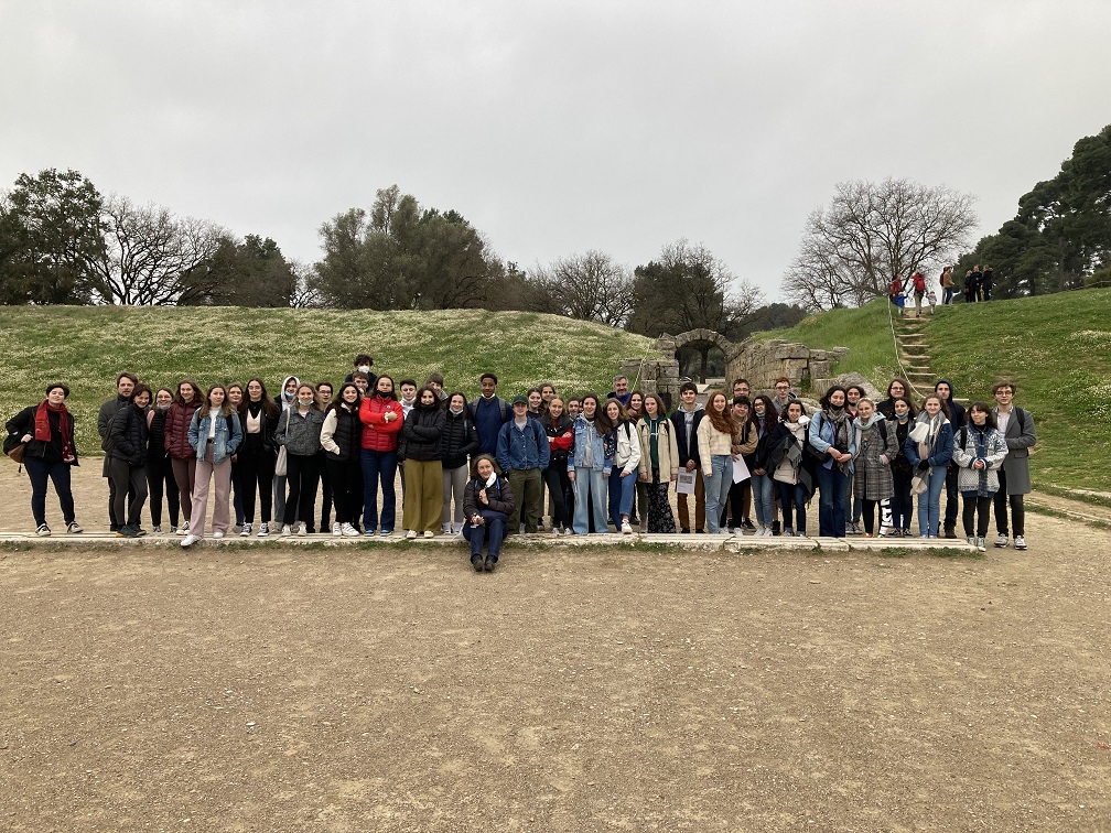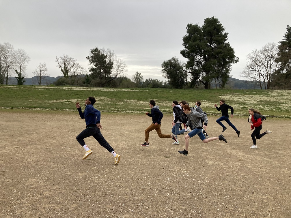 courir sur le stade d’Olympie puis rendre visite à Hermès au musée,
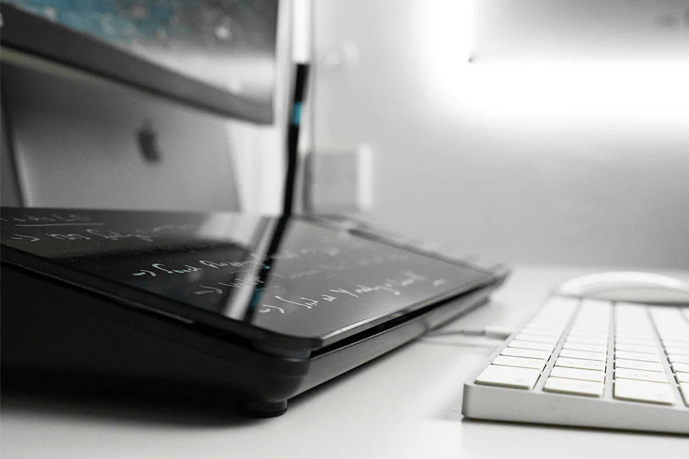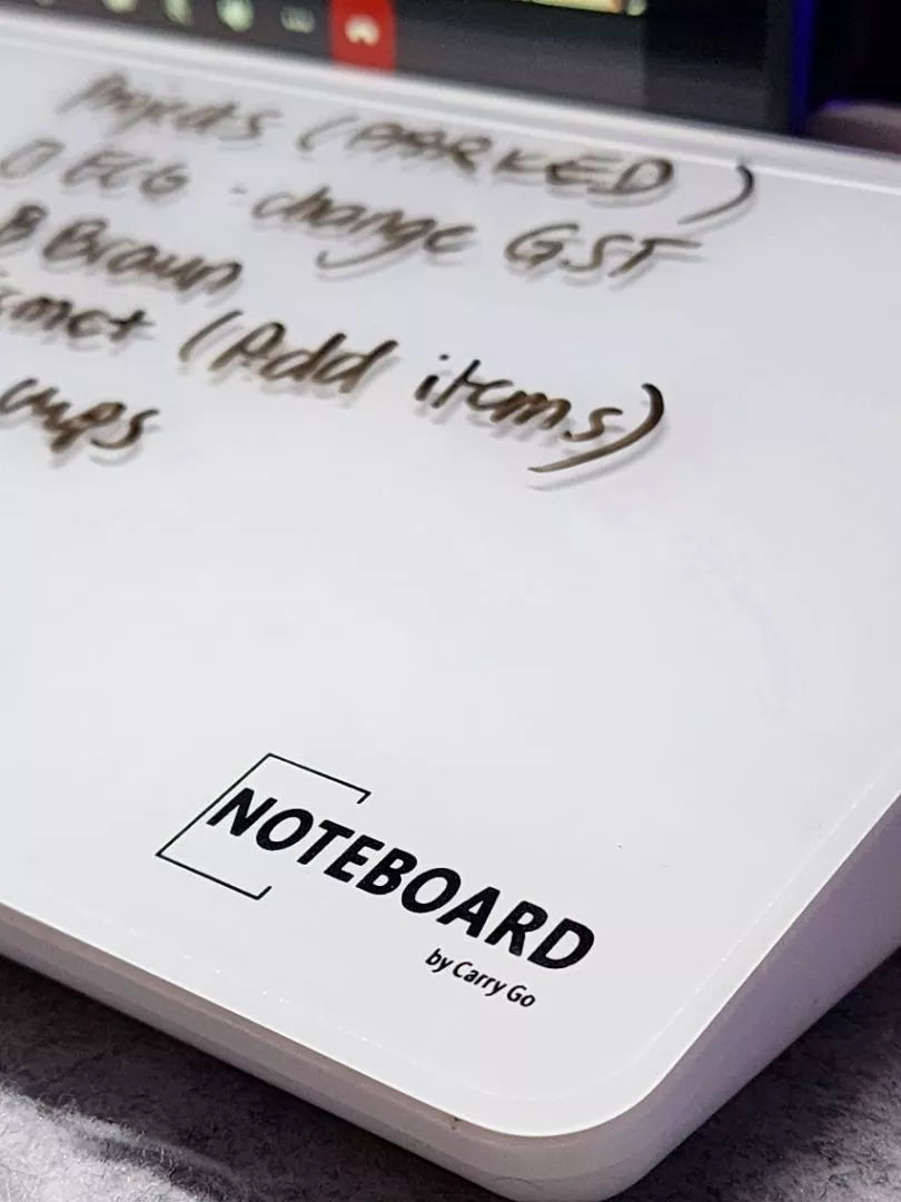 The NoteBoard's surface is made from an ultra premium, thick, anti-stain and scratch resistant glass panel, perfect for taking notes and erasing them with ease when finished.
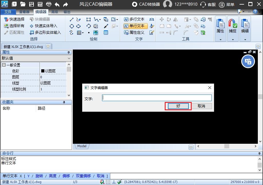 最后,点击【ok】就可以去输入单行文本文字了。
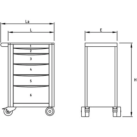 - Verrouillage des tiroirs pour Ă©viter toute ouverture intempestive lors des dĂ©placements – dĂ©verrouillage par simple action de la poignĂ©e.
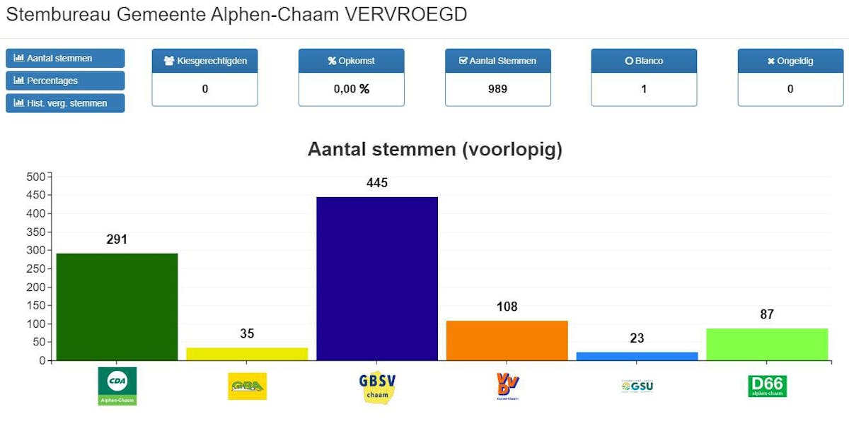 De voorlopige uitslag van het vervroegd stemmen op 14 en 15 maart is bekend.

──────────

**AIM OF THE TASK**
Write the lines from the one with "最后,点击【ok】就可以去输入单行文本文字了。" through the last line of the entries out again exactly, both ends included, and skip the pictures.

**EXERCISE SOLUTION**
 最后,点击【ok】就可以去输入单行文本文字了。
 - Verrouillage des tiroirs pour Ă©viter toute ouverture intempestive lors des dĂ©placements – dĂ©verrouillage par simple action de la poignĂ©e.
 De voorlopige uitslag van het vervroegd stemmen op 14 en 15 maart is bekend.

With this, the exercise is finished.